Джейн даже испытала бы сочувствие к слизеринцам, не будь она сейчас слишком раздражена бесплодными поисками. Как назло, за все это время ей встретился только Кровавый Барон — слизеринское привидение. Выскочив на Джейн откуда-то из стены, он с воем бросился прямо сквозь нее и исчез через потолок прежде, чем Ватсон успела оправиться от испуга и спросить дорогу.
Пару раз она слышала шаги, но каждый раз они замолкали до того, как гриффиндорка могла понять, откуда они доносились — эхо здесь тоже будто блуждало в лабиринте, искажаясь и еще больше сбивая с пути. Наконец, отчаявшись бродить туда-сюда, Ватсон с досадой поплелась обратно, чувствуя, как вновь разливается боль в поврежденном во время игры в квиддич колене. Перспектива провести еще одну тревожную ночь со злополучным пакетиком чихотника под подушкой нагоняла уныние, однако несмотря на постигшее ее разочарование Ватсон была рада выбраться из подземелий. Ей уже начинало казаться, что если проведет еще минуту в этом сыром воздухе, то непременно задохнется.
Она медленно побрела в гриффиндорскую башню, делая глубокие вдохи и подбадривая себя мыслью о том, что уже завтра она точно поговорит с Лавье и покончит с этим. А еще, Мэри наверняка уже должна была вернуться с обхода, так что Джейн сумеет рассказать ей обо всем, что накопилось на душе. Настроение понемногу улучшалось, так что Ватсон постаралась даже не раздражаться на особенно капризные сегодня движущиеся лестницы, упрямо отказывающиеся поворачивать в нужную ей сторону. Пришлось возвращаться обходными путями, но в итоге Ватсон все же добралась до башни.
Ей оставалось преодолеть всего два пролета, как вдруг, мельком глянув наверх, она вдруг заметила Ванду Лавье.

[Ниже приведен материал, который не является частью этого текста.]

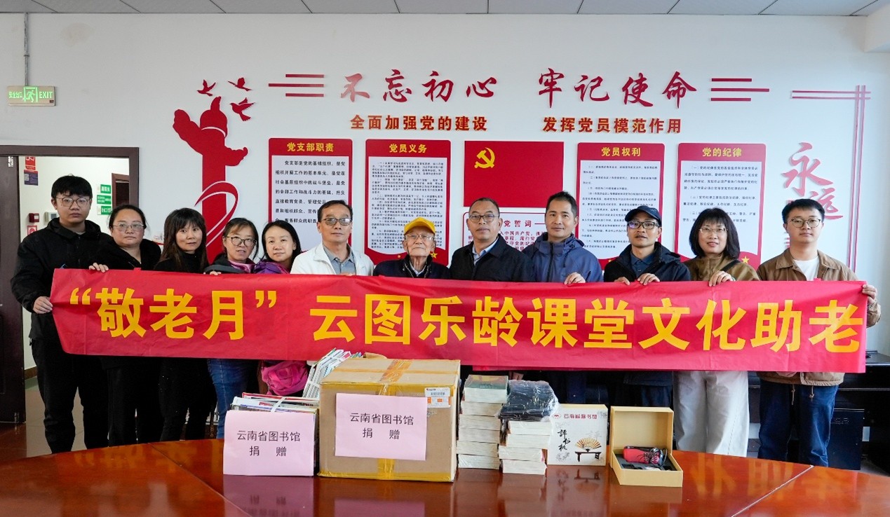 为丰富老年人精神文化生活,弘扬中华民族孝亲敬老传统美德,形成尊老敬老爱老的社会风尚,助力老年群体感受阅读魅力,2025年10月23日上午,云南省图书馆第一党支部、第四党支部及青年理论学习小组联合组成的志愿者服务队伍,走进云南老年之家敬老院开展“云图乐龄课堂”文化助老志愿服务活动,用实际行动送去书香与温暖。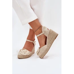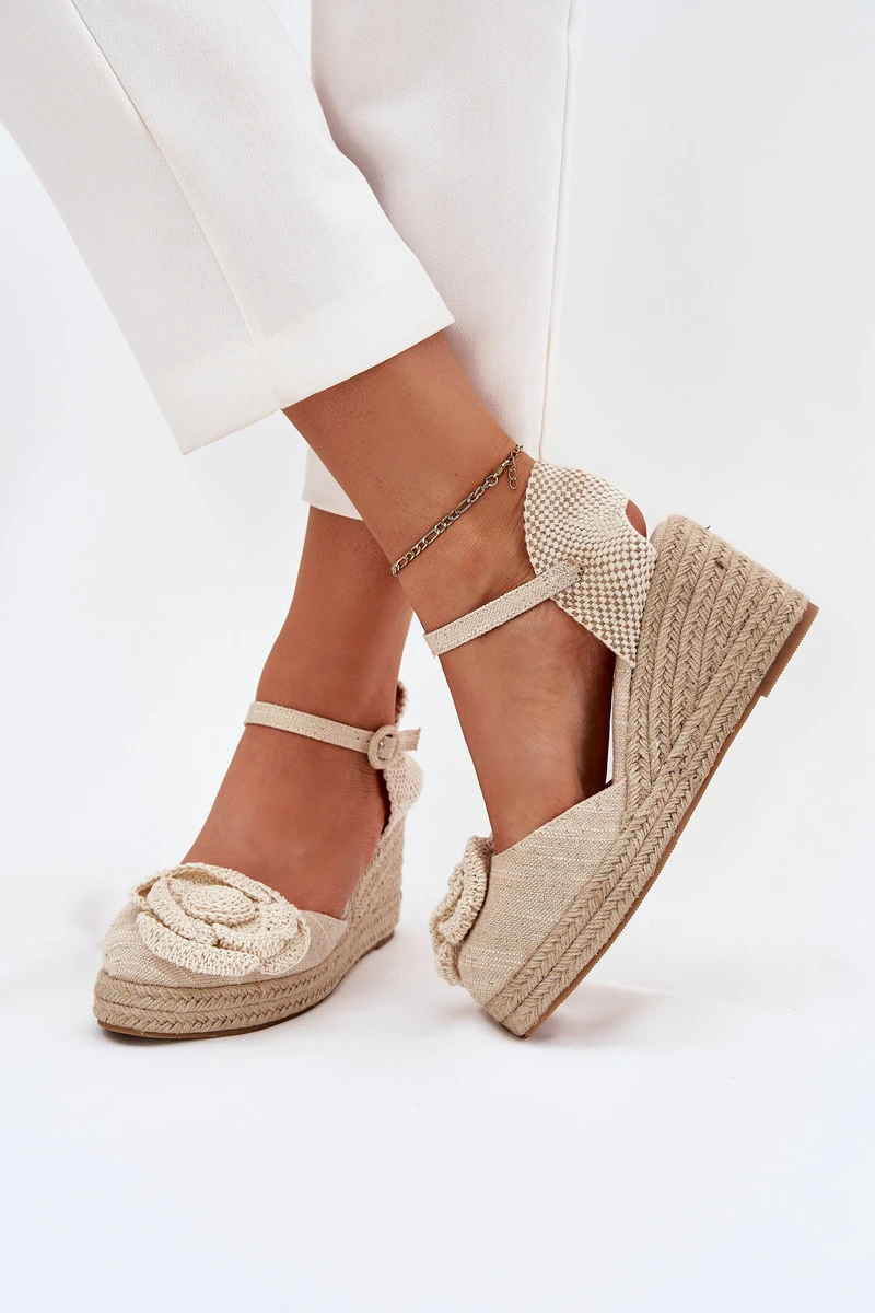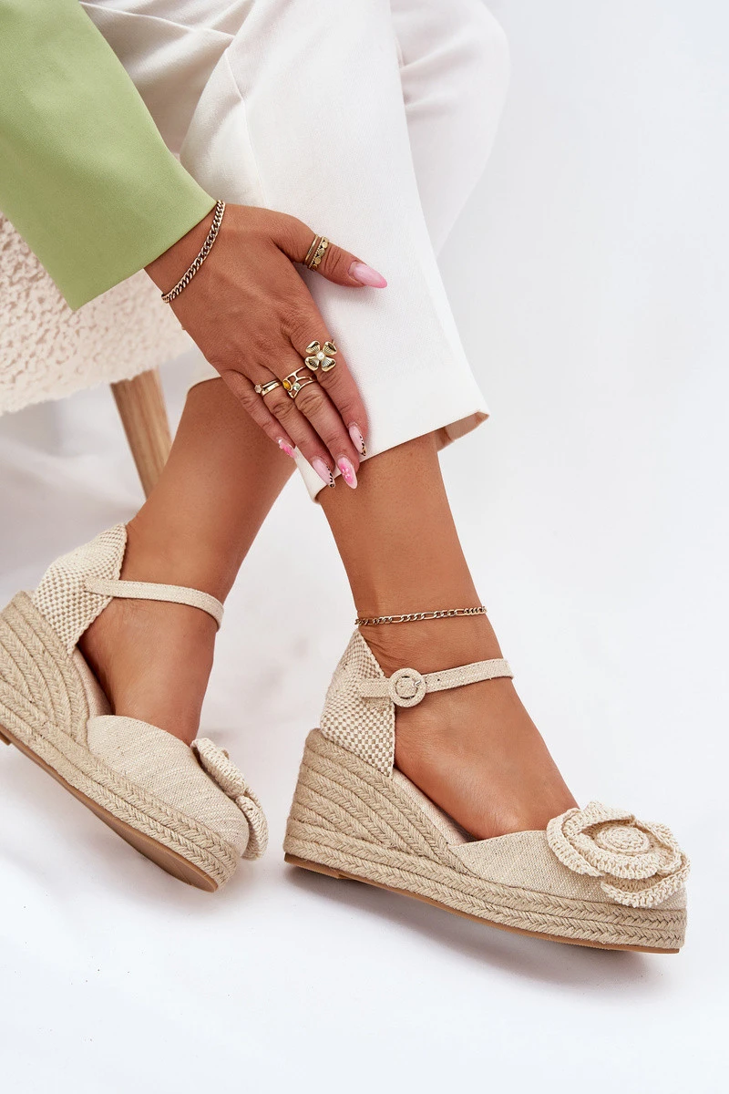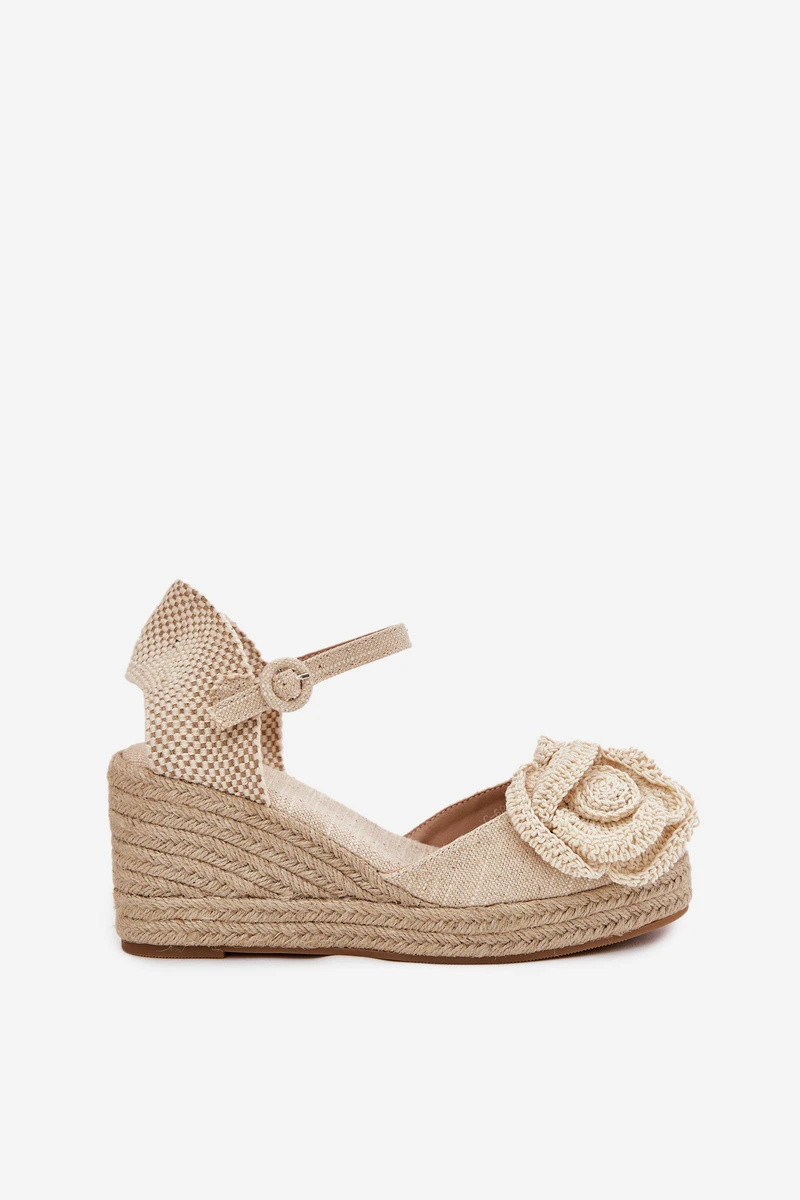 Dámské Sandály Na Klínu S Pletením A Háčkovanou Květinou Béžové Ismilea

Удивленная столь неожиданной удаче, Ватсон даже протерла глаза, чтобы убедиться, что те ее не обманывают. Но нет, это действительно была Лавье, сложно было перепутать с кем-то ее невысокую широкую фигуру и извечную светло-рыжую косичку. Слизеринка стояла на лестничной площадке и, кажется, с кем-то разговаривала. С этого ракурса и расстояния Джейн не могла ни разглядеть второго участника диалога, ни услышать хотя бы приблизительно, о чем речь, но, судя по тому, как активно жестикулировала Лавье, разговор велся весьма оживленный.
Мешать Джейн вовсе не хотела, но глупо было бы упускать такой шанс после стольких блужданий по подземельям. Спеша перехватить слизернку, прежде чем она не ушла, Ватсон бросилась вверх по ступенькам, но лестница под ней вдруг резко дернулась, вновь меняя направление и унося Джейн в совершенно другую сторону. Ватсон выругалась и треснула ладонью по перилам, но ее возмущение эффекта не возымело. Уперевшись в коридор на противоположной части, лестница застыла, словно и не обладала никакой магией. Стоило подождать, пока она не оживет, но запасов терпенья гриффиндорке хватило всего на несколько секунд. Словно по закону подлости, едва она соскочила с лестницы, как та вновь пришла в движение, возвращаясь в исходную позицию.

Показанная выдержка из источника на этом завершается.